Action item: All pictures are to be excluded when the data below is output verbatim.

The data:
+++++

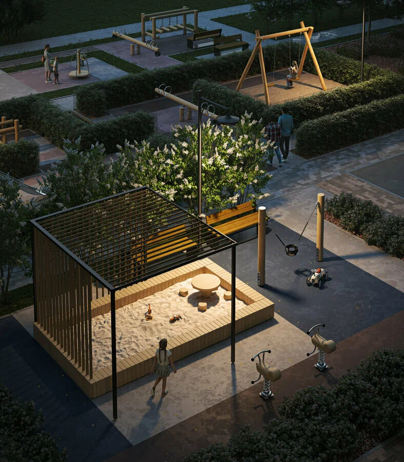 Жилой комплекс состоящий из трёх домов переменной этажности и подземного паркинга, расположен в Орджоникидзевском районе города Екатеринбурга в квадрате улиц Бакинских комиссаров- Кировоградской — Калинина — Соснового переулка. Архитектура комплекса в стиле постконструктивизм вписывается в архитектуру района Уралмаш. У каждого дома свой двор с индивидуальным ландшафтным дизайном и цветовой гаммой за счет высаженных растений. Жители комплекса смогут спокойно перемещаться по территории всех дворов, но в тоже время по периметру комплекса будут ограждения от посторонних и автомобилей. В каждую секцию предусмотрены два входа — с улицы и со двора. В холлах уютная мягкая мебель, есть колясочные и мойки для лап животных. Также посетителей встречает администратор за стойкой.
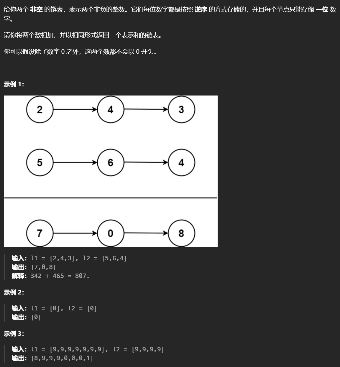 1 2 3 4 5 6 7 8 9 10 11 12 13 14 15 16 17 18 19 20 21 22 23 24 25 26 27 28 29 30 31 32 33 34 35 36 37 38 39 40 41 42 43 44 45 46 47 48 49 50 51 52 53 54 55 56 57 class Solution {public : ListNode* addTwoNumbers (ListNode* l1, ListNode* l2) { ListNode* prehead = new ListNode (0 ), *cur = prehead; ListNode *p = l1; vector<int > a,b; while (p){ a.push_back (p->val); p = p->next; } p = l2; while (p){ b.push_back (p->val); p = p->next; } int len = max (a.size (),b.size ()); int t = 0 ; vector <int > res; for (int i=0 ;i<len;i++){ int v = 0 ; if (i<a.size ()){ v += a[i]; } if (i<b.size ()){ v += b[i]; } v += t; if (v>=10 ){ v -= 10 ; t = 1 ; } else { t = 0 ; } cur->next = new ListNode (v); cur = cur->next; } if (t >= 1 ){ cur->next = new ListNode (t); cur = cur->next; } return prehead->next; } };
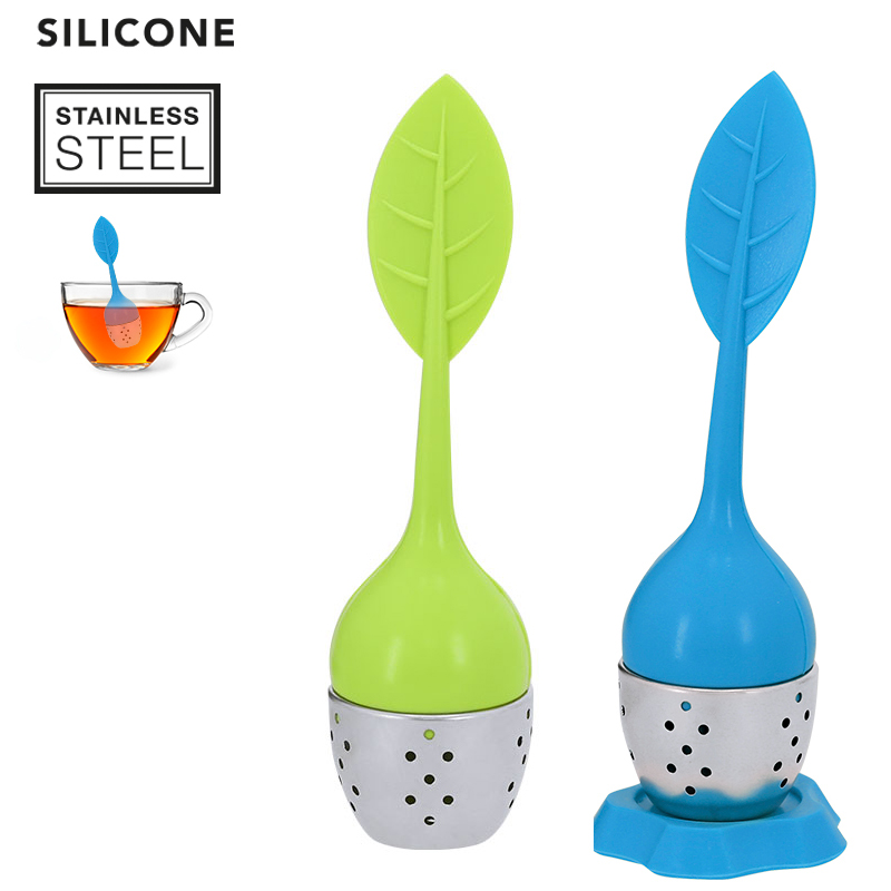 Thee-infuser met bladvorm, gemaakt van siliconen en roestvrij staal.

+++++

Response below:
 Жилой комплекс состоящий из трёх домов переменной этажности и подземного паркинга, расположен в Орджоникидзевском районе города Екатеринбурга в квадрате улиц Бакинских комиссаров- Кировоградской — Калинина — Соснового переулка. Архитектура комплекса в стиле постконструктивизм вписывается в архитектуру района Уралмаш. У каждого дома свой двор с индивидуальным ландшафтным дизайном и цветовой гаммой за счет высаженных растений. Жители комплекса смогут спокойно перемещаться по территории всех дворов, но в тоже время по периметру комплекса будут ограждения от посторонних и автомобилей. В каждую секцию предусмотрены два входа — с улицы и со двора. В холлах уютная мягкая мебель, есть колясочные и мойки для лап животных. Также посетителей встречает администратор за стойкой.
 1 2 3 4 5 6 7 8 9 10 11 12 13 14 15 16 17 18 19 20 21 22 23 24 25 26 27 28 29 30 31 32 33 34 35 36 37 38 39 40 41 42 43 44 45 46 47 48 49 50 51 52 53 54 55 56 57 class Solution {public : ListNode* addTwoNumbers (ListNode* l1, ListNode* l2) { ListNode* prehead = new ListNode (0 ), *cur = prehead; ListNode *p = l1; vector<int > a,b; while (p){ a.push_back (p->val); p = p->next; } p = l2; while (p){ b.push_back (p->val); p = p->next; } int len = max (a.size (),b.size ()); int t = 0 ; vector <int > res; for (int i=0 ;i<len;i++){ int v = 0 ; if (i<a.size ()){ v += a[i]; } if (i<b.size ()){ v += b[i]; } v += t; if (v>=10 ){ v -= 10 ; t = 1 ; } else { t = 0 ; } cur->next = new ListNode (v); cur = cur->next; } if (t >= 1 ){ cur->next = new ListNode (t); cur = cur->next; } return prehead->next; } };
 Thee-infuser met bladvorm, gemaakt van siliconen en roestvrij staal.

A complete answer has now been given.